Copy exactly the lines from the one containing "Revised options b" through the last line of the records below, including both, and leave out any pictures.

Segment Start: AVAILABLE DATA

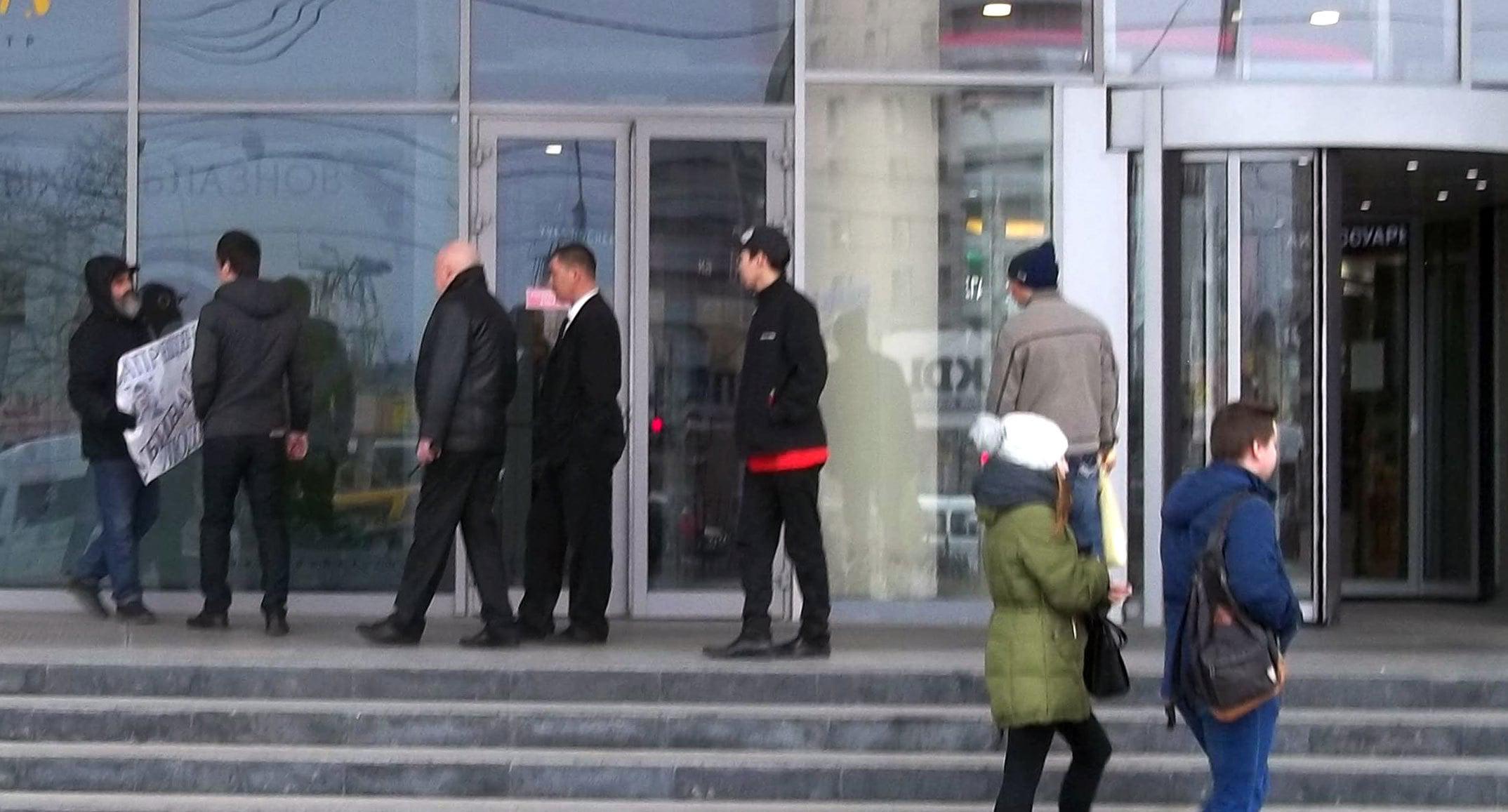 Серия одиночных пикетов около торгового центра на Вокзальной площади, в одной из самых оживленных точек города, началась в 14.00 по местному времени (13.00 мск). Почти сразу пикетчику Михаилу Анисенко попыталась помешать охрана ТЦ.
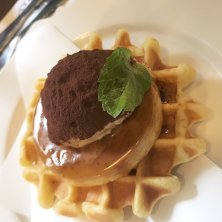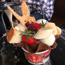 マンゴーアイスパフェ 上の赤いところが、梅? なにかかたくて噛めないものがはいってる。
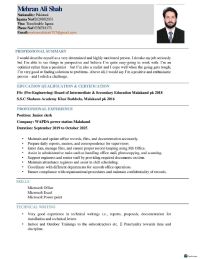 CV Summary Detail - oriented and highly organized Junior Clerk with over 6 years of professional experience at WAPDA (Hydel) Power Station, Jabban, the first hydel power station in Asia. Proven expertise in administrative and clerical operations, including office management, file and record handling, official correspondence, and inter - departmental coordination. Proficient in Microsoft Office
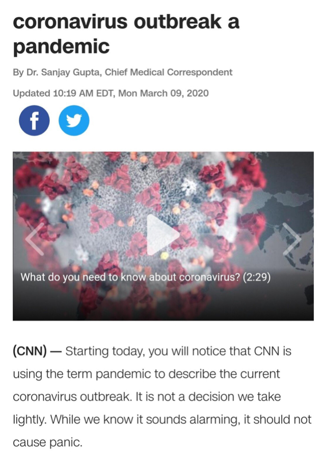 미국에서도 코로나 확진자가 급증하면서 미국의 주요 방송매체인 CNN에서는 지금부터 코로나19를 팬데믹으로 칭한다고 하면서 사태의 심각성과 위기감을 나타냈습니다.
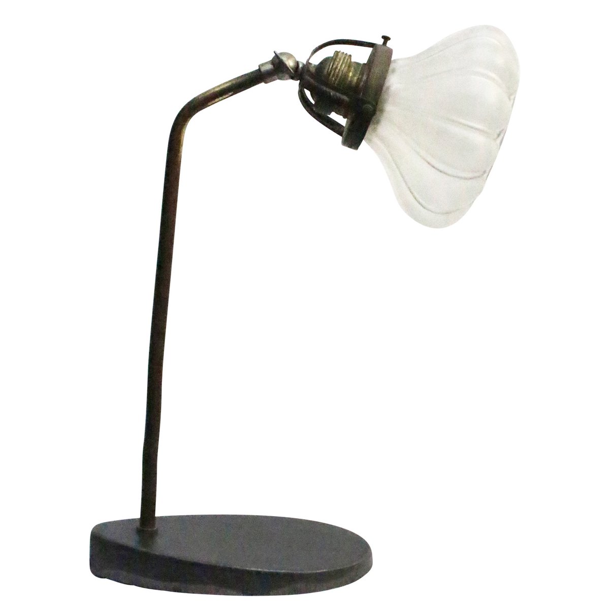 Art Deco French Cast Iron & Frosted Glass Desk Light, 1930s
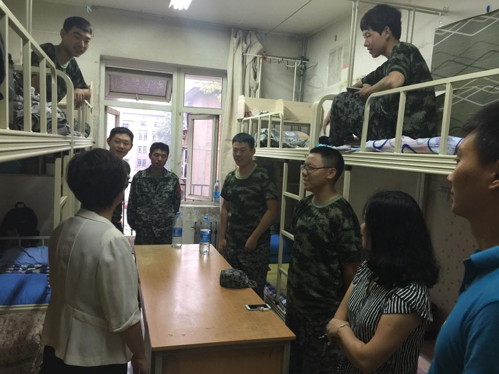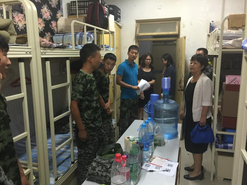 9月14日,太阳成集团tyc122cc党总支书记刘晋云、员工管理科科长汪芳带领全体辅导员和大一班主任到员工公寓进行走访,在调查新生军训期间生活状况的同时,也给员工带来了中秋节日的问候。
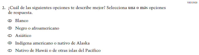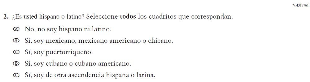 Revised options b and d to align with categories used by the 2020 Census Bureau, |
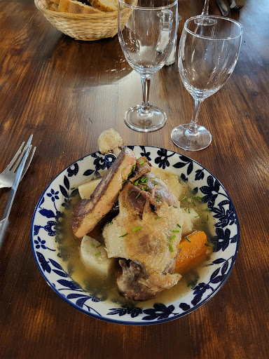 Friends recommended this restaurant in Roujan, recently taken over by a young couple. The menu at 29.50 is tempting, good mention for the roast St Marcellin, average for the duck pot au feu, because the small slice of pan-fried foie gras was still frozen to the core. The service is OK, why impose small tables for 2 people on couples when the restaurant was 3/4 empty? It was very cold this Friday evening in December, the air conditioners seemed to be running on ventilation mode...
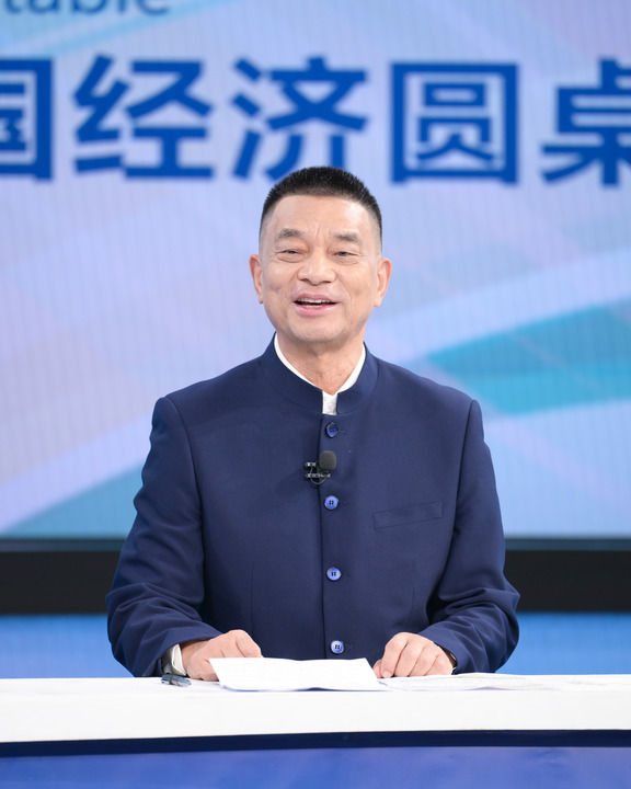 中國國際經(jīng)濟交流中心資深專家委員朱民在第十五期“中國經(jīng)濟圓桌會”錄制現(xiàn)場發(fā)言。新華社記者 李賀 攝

Segment End: AVAILABLE DATA

TASK RESULT –
 Revised options b and d to align with categories used by the 2020 Census Bureau, |
 Friends recommended this restaurant in Roujan, recently taken over by a young couple. The menu at 29.50 is tempting, good mention for the roast St Marcellin, average for the duck pot au feu, because the small slice of pan-fried foie gras was still frozen to the core. The service is OK, why impose small tables for 2 people on couples when the restaurant was 3/4 empty? It was very cold this Friday evening in December, the air conditioners seemed to be running on ventilation mode...
 中國國際經(jīng)濟交流中心資深專家委員朱民在第十五期“中國經(jīng)濟圓桌會”錄制現(xiàn)場發(fā)言。新華社記者 李賀 攝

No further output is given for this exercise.